--- Dataset records ---

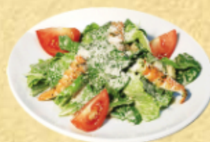
САЛАТ ЦЕЗАРЬ С КРЕВЕТКАМИ

Салат «романо», соус «цезарь», куриная грудка обжаренная на гриле, помидоры, гренки, сыр пармезан.
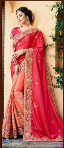
|| 701 ||
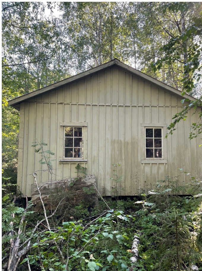
Litet hus på fastigheten
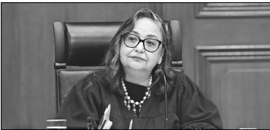
La presidenta de la SCJN turnó al ministro Juan Luis González Alcántara la acción de inconstitucionalidad.

"A la luz de este enunciado constitucional queda claro que la prohibición de participación de los partidos políticos en las acciones, actividades y sesiones relacionadas con este proceso responde a la preocupación de que sus intervenciones en la mesa del Consejo General puedan generar los efectos no deseados por la disposición constitucional precisada", sostuvo.
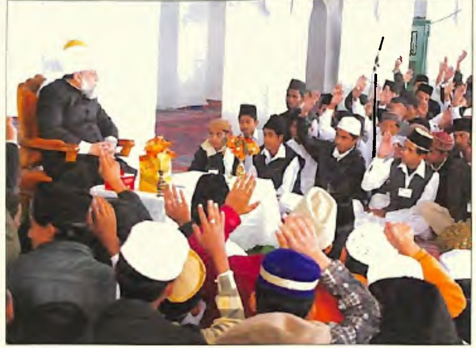
حضرت امیر المؤمنین ایدہ اللہ تعالیٰ بنصرہ العزیز قادیان کے واقعین نوکی کا اس میں (5 جنوری 2006)
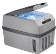
Автохолодильник WAECO TropiCool TCX-14 Ваесо (Ваеко) TropiCool TCX-14 – это небольшой мобильный холодильник с термоэлектрической системой, разработанный специально для легковых автомобилей. Камера модели имеет вместительность в 14 литров, и может сохранять холодными не только продукты, но и напитки. В качестве источника питания агрегат способен использовать сеть с разными напряжениями: 12/24/230 В.
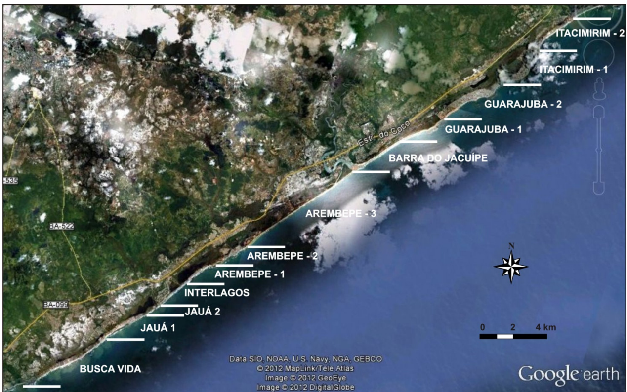
Figura 2. Segmentação utilizada para as praias do município de Camaçari.

Praia de Arembepe, trecho 1: caracterizada pela ocorrência de vegetação na pós-praia e no cordão-duna; presença de terraços arenosos, bancos de arenito e cordão-duna em menos de 50% do litoral; zona de surfe com até três linhas de arrebentação; presença de terras úmidas em mais de 50% do litoral; áreas com restinga e de desova de tartarugas marinhas; uso para pesca, mariscagem e plantações; ausência de locais com atratividade cênica natural e atratividade para atividades de ecoturismo.
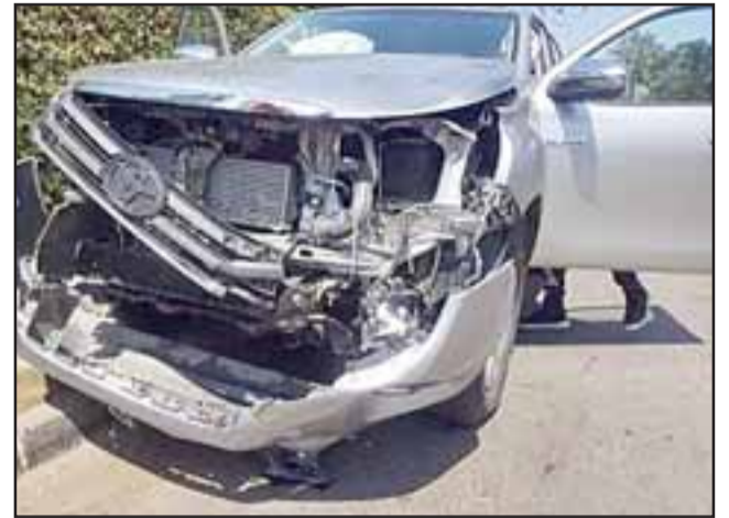
La camioneta Toyota con los daños sufridos por el choque.

El conductor de la camioneta no tuvo lesiones.
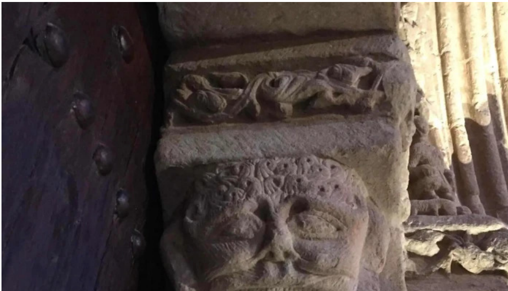
Iglesia de nuestra senora de la asuncion antiguamente de los dolores telefono

---

> **The problem**: Show each line of the records above containing "para".

> **Response box**:
Figura 2. Segmentação utilizada para as praias do município de Camaçari.
Praia de Arembepe, trecho 1: caracterizada pela ocorrência de vegetação na pós-praia e no cordão-duna; presença de terraços arenosos, bancos de arenito e cordão-duna em menos de 50% do litoral; zona de surfe com até três linhas de arrebentação; presença de terras úmidas em mais de 50% do litoral; áreas com restinga e de desova de tartarugas marinhas; uso para pesca, mariscagem e plantações; ausência de locais com atratividade cênica natural e atratividade para atividades de ecoturismo.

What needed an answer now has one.